The Hits to Sports Keep Coming

Greg Arias

Sports in this nation are in a precarious position. Major League Baseball restarted last week as the NBA, NHL, NFL, and colleges all are either in training for or working on planning their coming seasons. 

None of that might matter soon if the hits keep coming at the rate we've seen over the last four days. 

Last Friday, it was announced that the entire Michigan State Spartans football team would begin a 14-day quarantine period following the most recent round of tests found one staff member positive with COVID-19. 

Fast forward to Monday when it was learned that as many as 14 members of the Miami Marlins baseball team tested positive for the virus.  The positive test results forced the team and MLB to postpone at least two games and possibly more as medical staff and the league work to decide what's next and how to handle such a widespread outbreak for one team.  

This has been the fear all along, that when together as a team, living in hotels and traveling in planes and busses that a large portion of players could become sick, forcing the entire squad to miss time or to have to cancel games. 

Sports are an essential part of the fabric of our nation, and we want them back.

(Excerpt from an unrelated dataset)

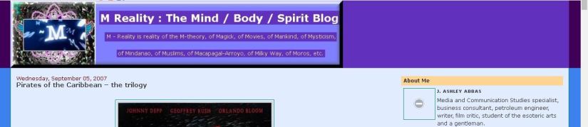 One of the post I recovered was my review of the Pirates of the Caribbean trilogy, which was published in Mr & Ms. magazine. For the past months, cable TV has been showing the Pirates of the Caribbean series, which went beyond Part 3. So, I am giving my 2007 post a new life in the Blogosphere. People who watched / are watching / will watch this trilogy might want to read this review…

Heck, we want our lives again, but can sports find a way to get passed these type issues and endure through their seasons?

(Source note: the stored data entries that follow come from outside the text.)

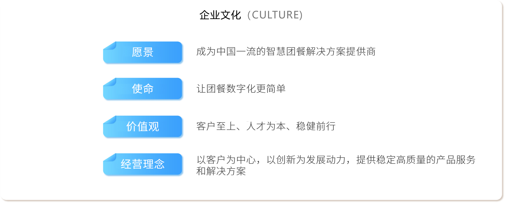 截止目前已相繼為超過1000家客戶,1500+食堂,超過500萬消費者,提供智慧食堂就餐服務(wù),覆蓋單位、醫(yī)院、教育、交通、能源、金融、電信等眾多行業(yè)客戶群體,服務(wù)了包括國資委、舟山市政府、佛山公安局、銀川國際機場、TCL、蘇寧集團、金龍魚、阿里巴巴集團、東風(fēng)汽車等知名用戶,成為農(nóng)業(yè)銀行、中國移動ICT戰(zhàn)略合作伙伴以及華南理工大學(xué)、中山大學(xué)等知名大學(xué)智慧食堂合作伙伴,是全國智慧食堂行業(yè)領(lǐng)先的知名品牌。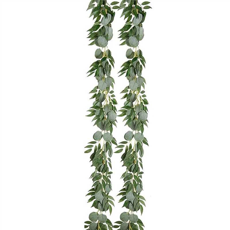 Wei‘s Moment 2Pcs 6.5Ft Artificial Eucalyptus Garland with Willow Leaves Fake Hanging Greenery Vines Table Runner Garland for Wedding Backdrop Arch Wall Decor
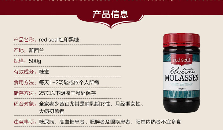 (永久下架)新西兰Red Seal红印牌 黑糖 500g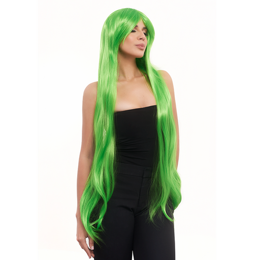 Peluca lisa en tono verde neón y con un largo imponente de 100 cm está hecha para quienes se atreven a romper las reglas y quieren brillar con fuer...

That's the million-dollar question commissioners, and officials of the various sports are wrestling with today in the aftermath of these developments.

Is it even possible to pull off a season under these circumstances?

Many people think it is, but exactly how to deal with an enemy you can't see, hear, or know is there until it's too late is a challenge that most of us have never dealt with before. 

We, as a nation, are divided on the issue of masks and many other subjects. None of that matters to those calling the shots in sports thought because they aren't looking to the public at large for advice.     

Most of us don't know the answers, and many among us are simply confused by it all and want one clear voice rather than the continual cycle of doing this, do that, then reverse the process later. 

Sports need the same thing too, but I'm afraid we aren't near getting that at this point.